The title of Noel Perkins/Gatti Bono's paper can be misleading, lift means not that the fly line is actually lifting but rather the lift force due form/skin drag, which may slow down the downfall for sections of the fly line. (Not that the line is actually lifting, or only for cases where this force would exceed the gravity)On a separate issue, I'm now not convinced that there is an upwards force keeping the loop aerielised. If you look at the 170 backcast video on a log you can clearly see the point of the loop following a parabola. And that's exactly the sort of loop shape that should be lifting. I think that's probably wrong, which annoys me more than anything because we had an argument with Burgess and Tim Rajeff vs Bruce Richards and Noel Perkins very many years ago on the Board before the last Board, which was when and how those PDF documents surfaced. I don't mind Tim being right of course...

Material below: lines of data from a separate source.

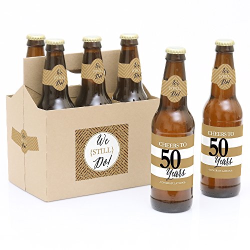We Still Do - 50th Wedding Anniversary 6 Beer Bottle Labels with 1 Beer Carrier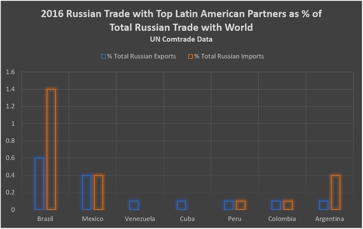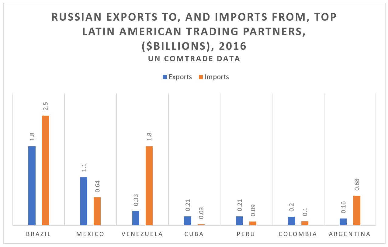 Russian trade in goods with Latin America is small, representing less than 2 percent of its entire trade with the world. Its biggest trading partner is Brazil, with total bilateral trade of just over $4 billion in 2016. It purchased about $1.7 billion of oil from Venezuela in 2016, but otherwise trade flows with other major Latin American companies are relatively tiny. Russia’s annual total trade in 2016 with Mexico was equal to the amount Mexico trades with the United States every 36 hours.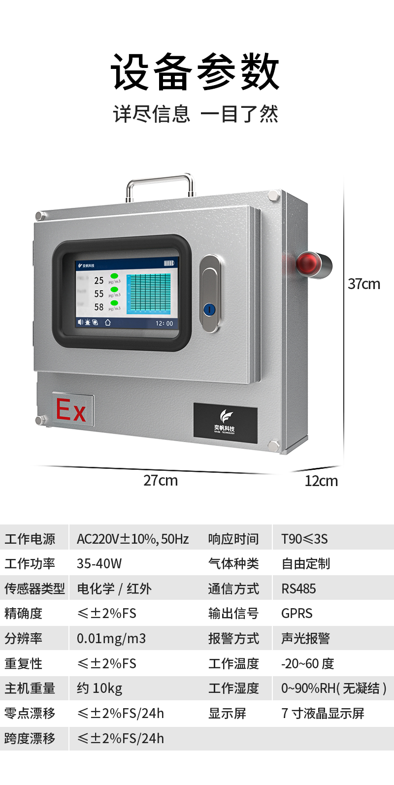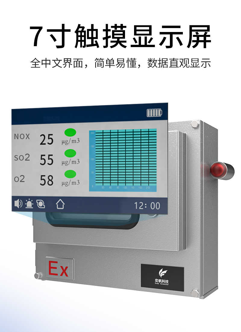 分析仪设计结合了防腐防爆外壳,满足了恶劣环境中的使用要求。产品采用泵吸式采样测量气体,配备优质进口传感器,具有较高的灵敏度及出色的重复性。仪器采用嵌入式微机控制,操作简单,功能齐全,可靠性高,具有多种自适应能力,使用图文液晶显示器,直观清晰。

We can have a closer look at the question by examining a section of a fly line: Let's say we have an section of a fly line in a air flow with the velocity U with the inclination angle alpha. Due to the form drag an upward component of this force - the lift force FL - is acting on the section of the fly line.
According to [1] we can determine FN by the following equation (angle alpha > 20°):
FN = 1/2 * CN * rho_f * D * (U * sin(alpha))²
where
FN: Normal force per unit length (N/m)
CN: Normal force coefficient; ~ 1 for a cylinder
rho_f: Density of the fluid (kg/m³), air ~ 1.225 kg/m³
D: diameter of the cylinder
U: Incoming flow velocity (m/s)
alpha: Inclination angle of the cylinder
I'll leave it to you as an exercise to compute the lift force and compare it to the gravity.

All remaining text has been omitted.